About this exercise:
Scan the entries below and tally the lines that include "with". Return nothing but the tally.

Extracted information:
━━━━━━━━
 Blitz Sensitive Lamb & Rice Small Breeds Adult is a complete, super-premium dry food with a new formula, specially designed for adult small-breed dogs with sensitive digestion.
━━━━━━━━
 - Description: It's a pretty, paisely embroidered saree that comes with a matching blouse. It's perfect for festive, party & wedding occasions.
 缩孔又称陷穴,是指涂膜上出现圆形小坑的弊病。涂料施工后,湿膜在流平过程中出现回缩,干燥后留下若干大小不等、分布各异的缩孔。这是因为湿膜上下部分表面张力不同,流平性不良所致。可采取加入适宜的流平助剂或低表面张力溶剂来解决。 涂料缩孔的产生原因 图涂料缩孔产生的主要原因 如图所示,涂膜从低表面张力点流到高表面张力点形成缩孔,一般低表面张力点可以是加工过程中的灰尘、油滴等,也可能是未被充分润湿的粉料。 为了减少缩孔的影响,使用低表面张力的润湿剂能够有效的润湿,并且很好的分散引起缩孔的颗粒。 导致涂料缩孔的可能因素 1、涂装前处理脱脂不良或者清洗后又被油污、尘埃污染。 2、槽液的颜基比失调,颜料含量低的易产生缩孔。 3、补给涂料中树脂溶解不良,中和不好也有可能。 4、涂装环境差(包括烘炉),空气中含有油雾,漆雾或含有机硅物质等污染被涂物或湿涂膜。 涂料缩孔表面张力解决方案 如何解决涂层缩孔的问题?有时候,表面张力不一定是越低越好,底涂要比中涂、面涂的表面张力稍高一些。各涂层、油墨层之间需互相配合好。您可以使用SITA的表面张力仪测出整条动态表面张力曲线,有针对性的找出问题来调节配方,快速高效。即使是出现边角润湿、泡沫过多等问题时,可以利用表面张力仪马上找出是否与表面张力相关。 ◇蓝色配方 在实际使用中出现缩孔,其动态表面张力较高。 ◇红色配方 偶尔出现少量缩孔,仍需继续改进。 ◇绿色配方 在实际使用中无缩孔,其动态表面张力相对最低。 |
━━━━━━━━
Your solution:
2